16. An apparatus comprising:

at least one processor; and

at least one memory storing instructions that, when executed by the at least one processor, cause the apparatus at least to:

control rendering of first environmental audio captured from an environment of a first user to a second user in dependence upon second environmental audio that is being captured from an environment of the second user;

determine a similarity measure between the first environmental audio and the second environmental audio; and

modify the first environmental audio to decrease the similarity measure.

17. An apparatus as claimed in claim 16, wherein the apparatus is further caused to:

perform analysis of audio content of the first environmental audio captured from the environment of the first user;

perform analysis of audio content of the second environmental audio that is being captured from the environment of the second user; and

control rendering of the first environmental audio in dependence upon the analysis of the first environmental audio content and the analysis of the second environmental audio content.

18. An apparatus as claimed in claim 16, wherein controlling rendering of first environmental audio captured from an environment of a first user to a second user in dependence upon second environmental audio that is being captured from an environment of the second user comprises modifying the first environmental audio in at least one of time domain or frequency domain.

19. An apparatus as claimed in claim 18, wherein modifying the first environmental audio in frequency domain comprises at least one of a frequency dependent filter or applying a frequency shift.

20. An apparatus as claimed in claim 18, wherein modifying the first environmental audio in time domain comprises at least one of:

modifying the first environmental audio, or selected frequency bins of the first environmental audio, in the time domain using reverberation; or

modifying the first environmental audio, or selected frequency bins of the first environmental audio, in time domain using at least one of vibrato or tremolo of the first environmental audio or selected frequency bins of the first environmental audio.

21. An apparatus as claimed in claim 16, wherein the first environmental audio is spatial audio comprising first sound sources rendered at specific positions or directions, wherein the control of rendering of the first environmental audio captured from the environment of the first user to the second user in dependence upon the second environmental audio that is being captured from the environment of the second user comprises:

modifying the first environmental audio without changing positions or directions at which the first sound sources are rendered.

22. An apparatus as claimed in claim 16, wherein the apparatus is further caused to separate the first environmental audio into different audio sources to form spatial audio streams associated with different audio sources, wherein the control of rendering of the first environmental audio captured from the environment of the first user to the second user in dependence upon the second environmental audio that is being captured from the environment of the second user comprises:

selectively modifying the spatial audio streams wherein different modification, optionally including no modification, is applied to different spatial audio streams.

23. An apparatus as claimed in claim 16, wherein the determination of the similarity measure is based on one or more of:

time-domain analysis of content of the first environmental audio and the second environmental audio;

frequency-domain analysis of content of the first environmental audio and the second environmental audio;

voice or noise recognition or identification based on analysis of at least one of content of the first environmental audio or content of the second environmental audio;

familiarity based on analysis of content of at least one of historical first environmental audio or historical second environmental audio;

visual analysis of at least one of an environment from which the first environmental audio is captured or of an environment from which the second environmental audio is captured;

location or change in location of at least one of an environment from which the first environmental audio is captured or of an environment from which the second environmental audio is captured;

time of day of capturing at least one of the first environmental audio or the second environmental audio; or

connectedness of an apparatus used to capture at least one of the first environmental audio or the second environmental audio.

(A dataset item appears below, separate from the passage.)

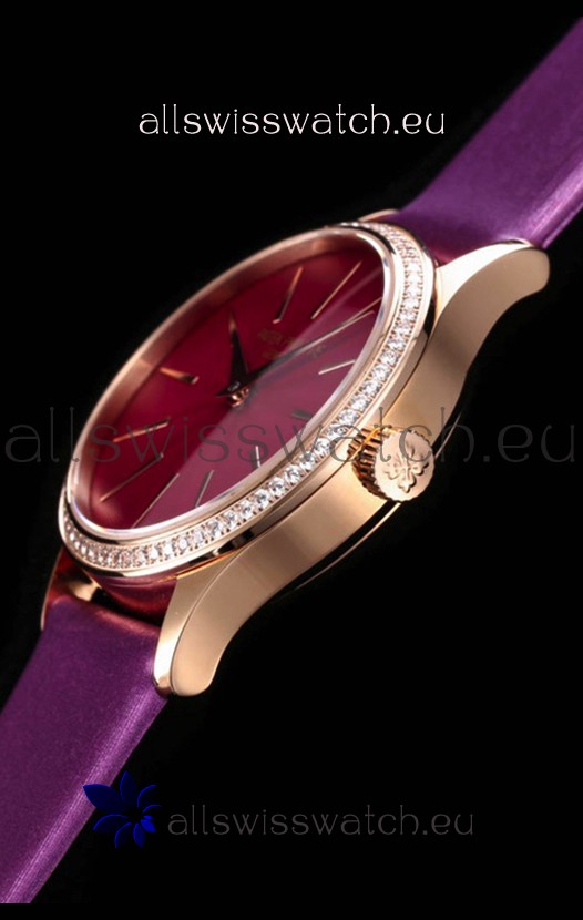 18K Rose Gold Plating on 904L Stainless Steel Case with High Quality Cut Diamonds Bezel

24. An apparatus as claimed in claim 16, wherein the apparatus is further caused to:

classify the first environmental audio to obtain at least a first class;

classify the second environmental audio to obtain at least a second class;

perform comparison of at least the first class and the second class to determine similarity between the first class and the second class; and

conditionally modify the first environmental audio in dependence upon the determined similarity between the first class and the second class.

25. An apparatus as claimed in claim 16, configured as a headset.

26. An apparatus as claimed in claim 16, configured as a server.

27. A method comprising:

controlling rendering of first environmental audio captured from an environment of a first user to a second user in dependence upon second environmental audio that is being captured from an environment of the second user;

determining a similarity measure between the first environmental audio and the second environmental audio; and

modifying the first environmental audio to decrease the similarity measure.

28. A method as claimed in claim 27, further comprising:

performing analysis of audio content of the first environmental audio captured from the environment of the first user;

performing analysis of audio content of the second environmental audio that is being captured from the environment of the second user; and

controlling rendering of first environmental audio in dependence upon the analysis of the first environmental audio content and the analysis of the second environmental audio content.

29. A method as claimed in claim 27, wherein controlling rendering of first environmental audio captured from an environment of a first user to a second user in dependence upon second environmental audio that is being captured from an environment of the second user comprises the first environmental audio in at least one of time domain or frequency domain.

30. A method as claimed in claim 29, wherein modifying the first environmental audio in frequency domain comprises at least one of a frequency dependent filter or applying a frequency shift.

31. A method as claimed in claim 27, wherein modifying the first environmental audio in time domain comprises at least one of:

modifying the first environmental audio, or selected frequency bins of the first environmental audio, in the time domain using reverberation; or

modifying the first environmental audio, or selected frequency bins of the first environmental audio, in time domain using at least one of vibrato or tremolo of the first environmental audio or selected frequency bins of the first environmental audio.

32. A method as claimed in claim 27, wherein the first environmental audio is spatial audio comprising first sound sources rendered at specific positions or directions, wherein the control of rendering of the first environmental audio captured from the environment of the first user to the second user in dependence upon the second environmental audio that is being captured from the environment of the second user comprises:

modifying the first environmental audio without changing positions or directions at which the first sound sources are rendered.

33. A method as claimed in claim 27, further comprising separating the first environmental audio into different audio sources to form spatial audio streams associated with different audio sources, wherein the control of rendering of the first environmental audio captured from the environment of the first user to the second user in dependence upon the second environmental audio that is being captured from the environment of the second user comprises:

selectively modifying the spatial audio streams wherein different modification, optionally including no modification, is applied to different spatial audio streams.

34. A method as claimed in claim 27, wherein the determination of the similarity measure is based on one or more of:

time-domain analysis of content of the first environmental audio and the second environmental audio;

frequency-domain analysis of content of the first environmental audio and the second environmental audio;

voice or noise recognition or identification based on analysis of at least one of content of the first environmental audio or content of the second environmental audio;

familiarity based on analysis of content of at least one of historical first environmental audio or historical second environmental audio;

visual analysis of at least one of an environment from which the first environmental audio is captured or of an environment from which the second environmental audio is captured;

location or change in location of at least one of an environment from which the first environmental audio is captured or of an environment from which the second environmental audio is captured;

time of day of capturing at least one of the first environmental audio or the second environmental audio; or

connectedness of an apparatus used to capture at least one of the first environmental audio or the second environmental audio.

35. A non-transitory computer readable medium comprising program instructions stored thereon for performing at least the following:

controlling rendering of first environmental audio captured from an environment of a first user to a second user in dependence upon second environmental audio that is being captured from an environment of the second user;

determining a similarity measure between the first environmental audio and the second environmental audio; and

modifying the first environmental audio to decrease the similarity measure.